Intranasal inoculation of mice with the PR8 strain of influenza virus leads to injury of both the lung and the intestinal tract, the latter accompanied by mild diarrhea. While influenza virus clearly replicates in the lung of infected mice, no replication was observed in the intestinal tract. Therefore injury of the gut takes place in the absence of viral replication.
Replication of influenza virus in the lung of mice was associated with alteration in the populations of bacteria in the intestine. The numbers of segmented filamentous bacteria (SFB) and Lactobacillus/Lactococcus decreased, while numbers of Enterobacteriaceae increased, including E. coli. Depletion of gut bacteria by antibiotic treatment had no effect on virus-induced lung injury, but protected the intestine from damage. Transferring Enterobacteriaceae from virus-infected mice to uninfected animals lead to intestinal injury, as did inoculating mice intragastrically with E. coli.
To understand why influenza virus infection in the lung can alter the gut microbiota, the authors examined immune cells in the gut. They found that Mice lacking the cytokine IL-17A, which is produced by Th17 helper T cells, did not develop intestinal injury after influenza virus infection. However these animals did develop lung injury.

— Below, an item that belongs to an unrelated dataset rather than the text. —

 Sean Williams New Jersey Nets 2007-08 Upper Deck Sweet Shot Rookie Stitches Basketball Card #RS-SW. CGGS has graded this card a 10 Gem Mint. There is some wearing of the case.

Th17 cells are a type of helper T cells (others include Th1 and Th2 helper T cells) that are important for microbial defenses at epithelial barriers. They achieve this function in part by producing cytokines, including IL-17A. Th17 cells appear to play a role in intestinal injury caused by influenza virus infection of the lung. The number of Th17 cells in the intestine of mice increased after influenza virus infection, but not in the liver or kidney. In addition, giving mice antibody to IL-17A reduced intestinal injury.

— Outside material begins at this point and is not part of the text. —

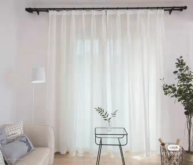 6、 纱质窗帘:这种布料的窗帘一般做搭配,透光性好,而且很容易营造温馨的居家氛围,一般用在客厅,白天只保留纱质窗帘,既能保证室内光线,也具有一定的私密性。

There is a relationship between the intestinal microbiome and Th17 cells. In mice treated with antibiotics, there was no increase in the number of Th17 cells in the intestine following influenza virus infection. When gut bacteria from influenza virus-infected mice were transferred into uninfected animals, IL-17A levels increased. This effect was not observed if recipient animals were treated with antibiotics.
A key question is how influenza virus infection in the lung affects the gut microbiota. The chemokine CCL25, produced by intestinal epithelial cells, attracts lymphocytes from the lung to the gut. Production of CCL25 in the intestine increased in influenza virus infected mice, and treating mice with an antibody to this cytokine reduced intestinal injury and blocked the changes in the gut microbiome.

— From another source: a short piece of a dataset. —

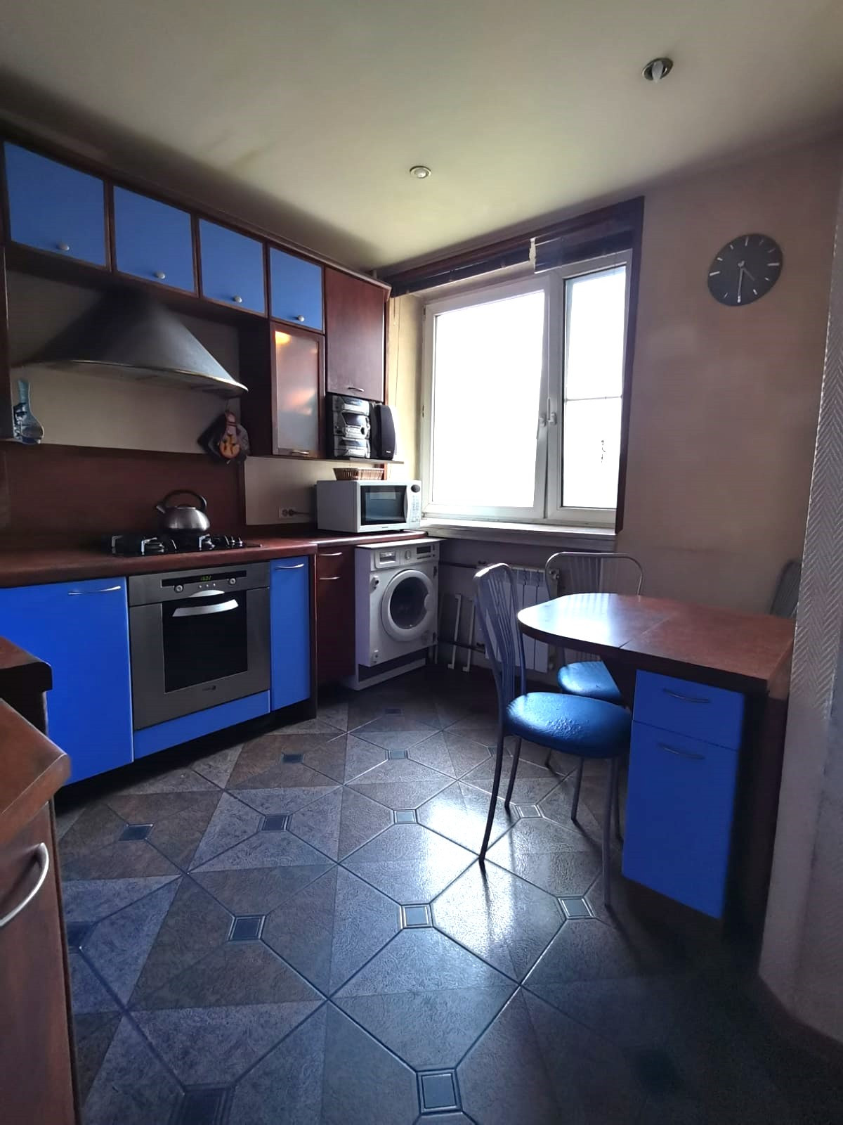На кухне - кухонный гарнитур,шкафы под единой столешницей,газовая плита, электрическая духовка,вытяжка,посудомоечная машина,стиральная машина -автомат,

The helper T lymphocytes that are recruited to the intestine by the CCL25 chemokine produce the chemokine receptor called CCR9. These CCR9 positive Th cells increased in number in the lung and intestine of influenza virus infected mice. When helper T cells from virus infected mice were transferred into uninfected animals, they homed to the lung; after virus infection, they were also found in the intestine.
How do CCR9 positive Th cells from the lung influence the gut microbiota? The culprit appears to be interferon gamma, produced by the lung derived Th cells. In mice lacking interferon gamma, virus infection leads to reduced intestinal injury and normal levels of IL-17A. The lung derived CCR9 positive Th cells are responsible for increased numbers of Th17 cells in the gut through the cytokine IL-15.
These results show that influenza virus infection of the lung leads to production of CCR9 positive Th cells, which migrate to the gut. These cells produce interferon gamma, which alters the gut microbiome. Numbers of Th17 cells in the gut increase, leading to intestinal injury. The altered gut microbiome also stimulates IL-15 production which in turn increases Th17 cell numbers.
It has been proposed that all mucosal surfaces are linked by a common, interconnected mucosal immune system. The results presented in this study are consistent with communication between the lung and gut mucosa. Other examples of a common mucosal immune system include the prevention of asthma in mice by the bacterium Helicobacter pylori in the stomach, and vaginal protection against herpes simplex virus type 2 infection conferred by intransal immunization.
Do these results explain the gastrointestinal symptoms that may accompany influenza in humans? The answer is not clear, because influenza PR8 infection of mice is a highly artificial model of infection. It should be possible to sample human intestinal contents and determine if alterations observed in mice in the gut microbiome, Th17 cells, and interferon gamma production are also observed during influenza infection of the lung.